3. Use Case Description

In the final semester of a Bachelor of Arts program in Culture and Social Sciences, students must write their respective term papers based on what they have learned in several previous Media Education and Media Pedagogy courses. This semester is research-oriented and divided into three phases. The ifrst is the preparation phase (see the left side of Fig. 1), in which students independently work on the course modules’ learning material. Students are suggested to reflect on their learning with a short text summary, including answering questions about the learning content, their thematic interests, possible real-life cases, any confusion or contradiction, etc. This process can inspire students to form initial ideas for their term papers, especially on a research topic and related research questions. The result of this phase is a short text that defines and describes their choices of topics and research questions and that they are ready for discussion with teachers. Second, in the interaction phase (see the right side of Fig. 1), students intensively discuss their ideas with teachers and revise the ideas with evolutionary and iterative feedback until agreement is reached. The interactions between teachers and students are 1:1 tutoring via the Moodle forum. Finally, students can start the writing process independently (3rd phase), constituting their examination performance.

In such a use case, students have an exceptionally high need for personal support in formulating questions and finding/selecting topics for their term papers. Currently, the aforementioned interaction process consumes a great deal of the tutor’s time to maintain high satisfaction with the student’s 1:1 support. Besides, for teachers, the constant answering of recurring questions and constant feedback on repetitive mistakes made by students are detrimental and heavy burdens. This also leaves less time for research-promoting, stimulating interaction in 1:1 supervision.

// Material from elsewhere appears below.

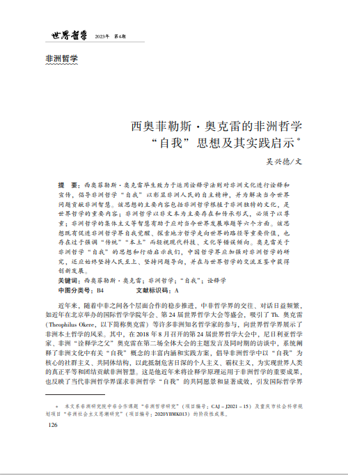 吴兴德副教授在CSSCI核心期刊《世界哲学》上发表论文《西奥菲勒斯·奥克雷的非洲哲学“自我”思想及其实践启示》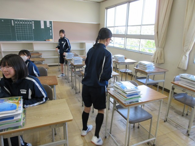 本日、新年度に向けた準備のため新2、3年生が久しぶりに登校しました。屋内運動場の準備や新しい教科書の運搬、環境整備など、良いスタートを切るために一生懸命に動いてくれました。新入生の皆さん、明日はいよいよ入学式ですね。新たな出会いを楽しみにしています。

The Moodle forum data previously collected from the two semesters of 2021 allowed some pre-analysis of 1:1 supervision: for approximately 70 students, there are, on average, some 13 ∼ 15 interactions with each teacher. Moreover, the feedback and recommendations collected from three teachers are also available for further analysis. Therefore, for this use case, we propose an RS to achieve the following goals, • to provide high-quality instant and personal feedback and recommendations to students’ term paper proposals, and to inspire them to work on their term papers more diligently. • to address recurring questions and errors and to support students in their term paper preparation process. • to free up instructor time and resources for more in-depth and substantial supervisory support of the students.

3.1. Use Case Example

Although not a single example can cover all the scenarios of the use case, here are two concrete examples from students (see Fig. 2) and a teacher’s first feedback to the Example A with manual annotations (by using the labeling tool, named Label Studio, see Fig. 3). As shown, the student has proposed a research topic on “learning analytics and gamification" and planned to address three related questions inside the term paper later, e.g., “How can gamification be supported by learning analytics? ", or “Does gamification lead to increased motivation to learn?".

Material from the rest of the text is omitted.